WORK REQUEST: Once the line holding "A BGE intézményrendszerén" is written out, stop; begin at the first line of the material below and retype exactly, dropping pictures.

EXCERPTED RECORDS:
──────────────────────────────

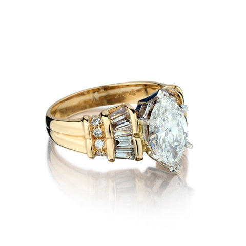 • Ladies 14kt Yellow Gold Diamond Ring. 2.25 Marquise Cut Diamond
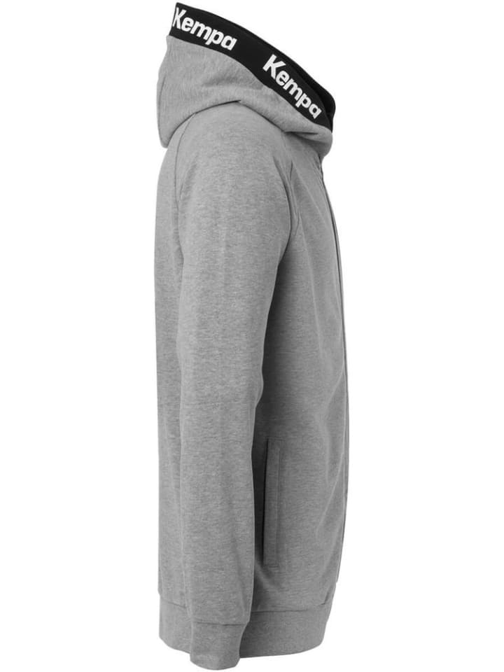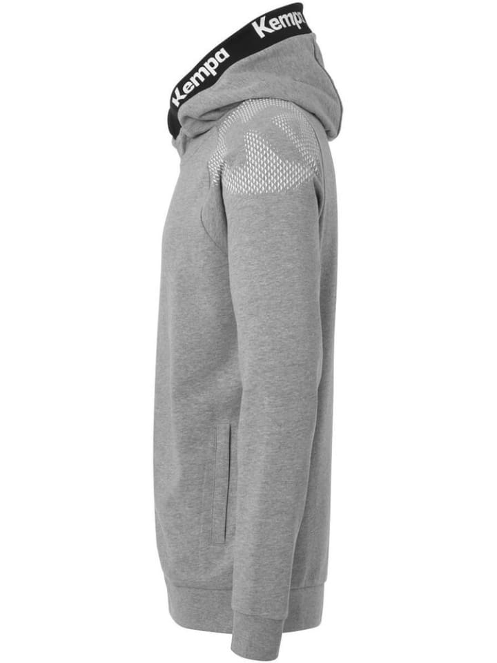 Капюшон с надписью Kempa и контрастной подкладкой - Застежка-молния на воротнике - Рукава реглан - Основной принт на левом плече - Два кармана на молнии - Молнии контрастного цвета 85% хлопок (органический), 15% вискоза
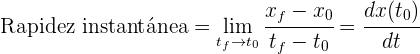 se obtiene tomando el límite en la fórmula de rapidez promedio
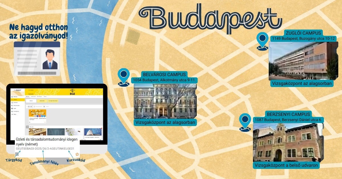 A BGE intézményrendszerén belül három helyszínen fogadja a hallgatókat a vizsgaközpont, az alábbiak szerint:
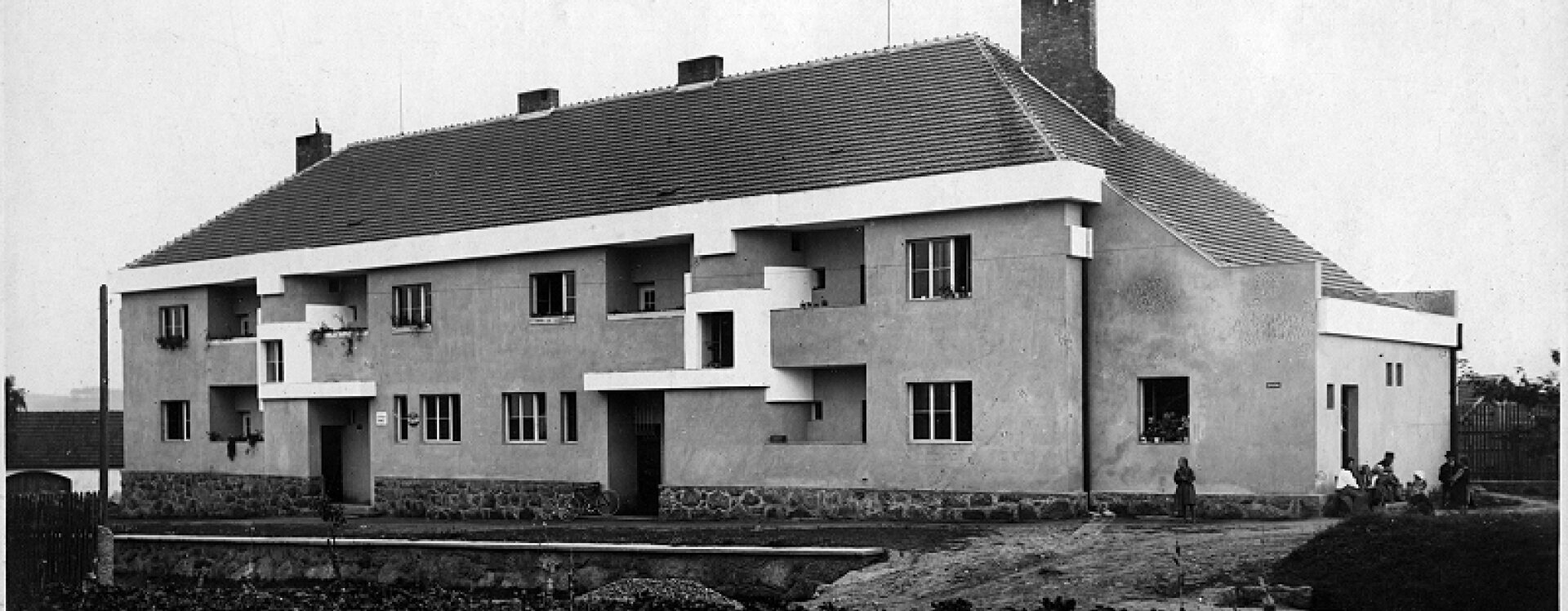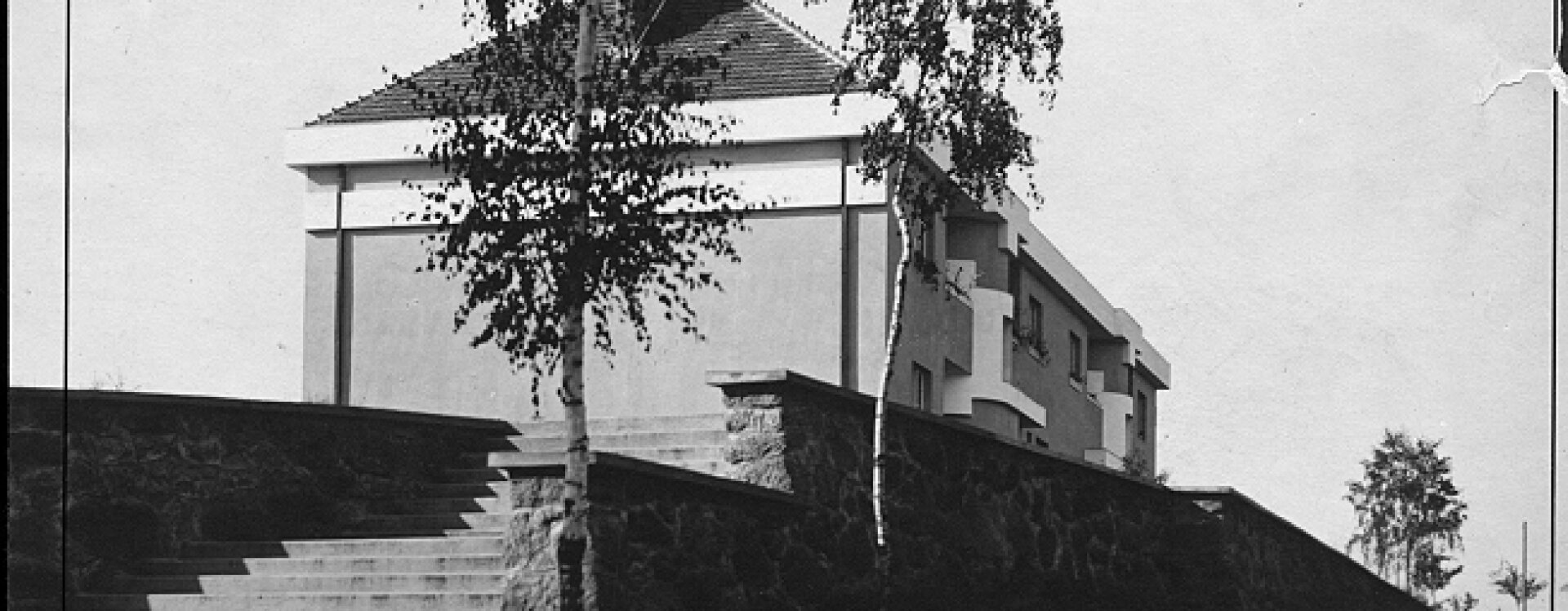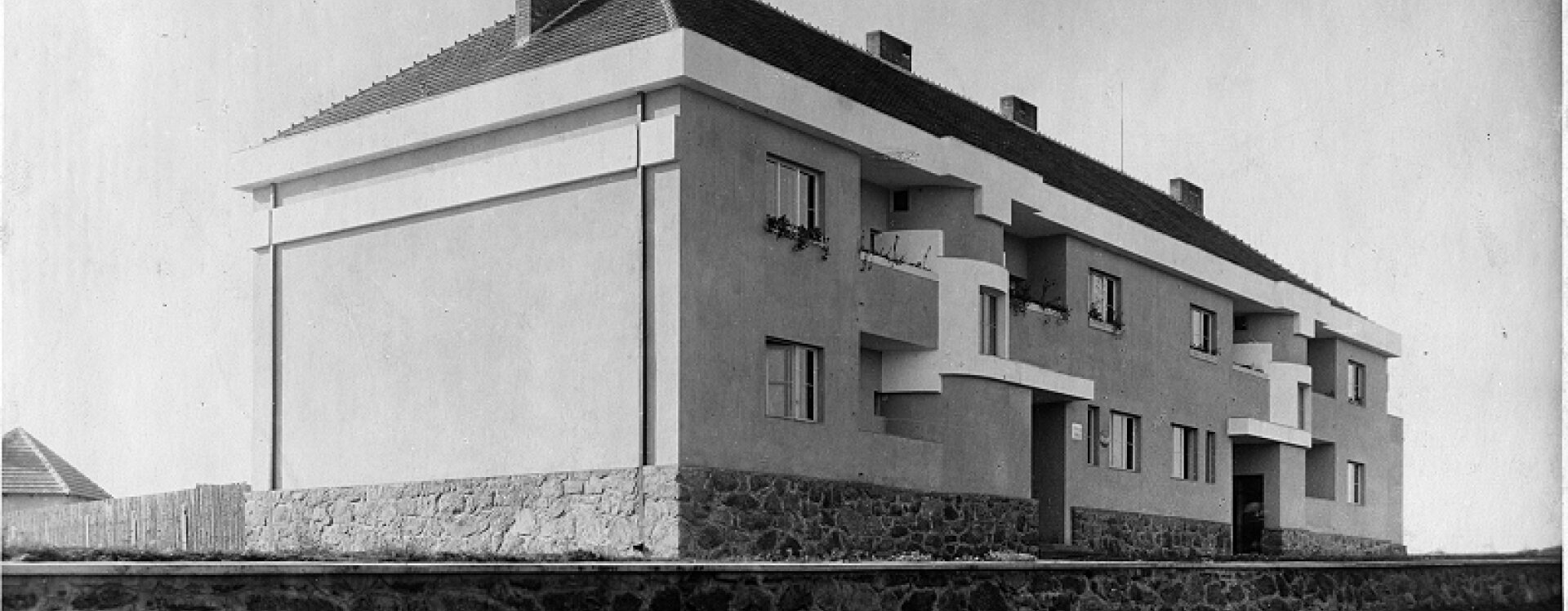 V roce 1923 byl postaven dvoupodlažní objekt ve tvaru kvádru s valbovou střechou, jehož průčelí dominují výrazné plastické články akcentované i barvou omítky. Abstraktní až antropomorfní tvary tvoří půlkruhové schodišťové rizality mezi zapuštěnými vstupy a lodžiemi v přízemí a další dvojicí lodžií v prvním patře, akcentované plastickými články ve tvaru písmene T na bíle omítnuté výrazné římse. Původní návrhy počítaly s mnohem bohatší geometrickou výzdobou průčelí i zadní fasády, ta však realizována nebyla. A tak výrazný zdobný akcent opakovaný na všech fasádách domu je mohutná římsa, na té východní je dokonce zdvojena a prolomena okapy. Římsa je aplikována i na přístavku v západní části domu, nad nějž je protažena střecha zakončená atikou.
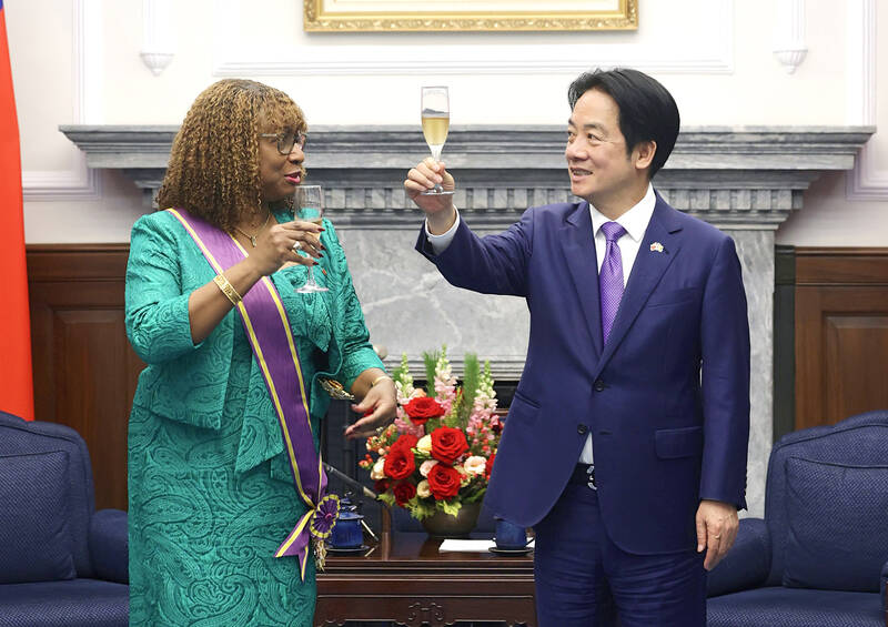 President William Lai (賴清德) yesterday bestowed one of Taiwan’s highest honors on Saint Vincent and the Grenadines (SVG) Ambassador Andrea Clare Bowman in recognition of her contributions to bilateral ties.
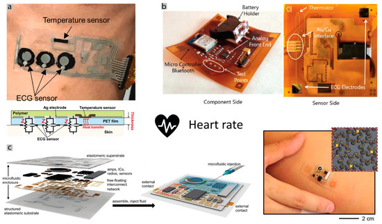 - Yamamoto, Y.; Yamamoto, D.; Takada, M.; Naito, H.; Arie, T.; Akita, S.; Takei, K. Efficient Skin Temperature Sensor and Stable Gel-Less Sticky ECG Sensor for a Wearable Flexible Healthcare Patch. Adv. Health Mater. 2017, 6, 1700495. [Google Scholar] [CrossRef]

──────────────────────────────

ANSWER TO THIS PROBLEM:
 • Ladies 14kt Yellow Gold Diamond Ring. 2.25 Marquise Cut Diamond
 Капюшон с надписью Kempa и контрастной подкладкой - Застежка-молния на воротнике - Рукава реглан - Основной принт на левом плече - Два кармана на молнии - Молнии контрастного цвета 85% хлопок (органический), 15% вискоза
 se obtiene tomando el límite en la fórmula de rapidez promedio
 A BGE intézményrendszerén belül három helyszínen fogadja a hallgatókat a vizsgaközpont, az alábbiak szerint:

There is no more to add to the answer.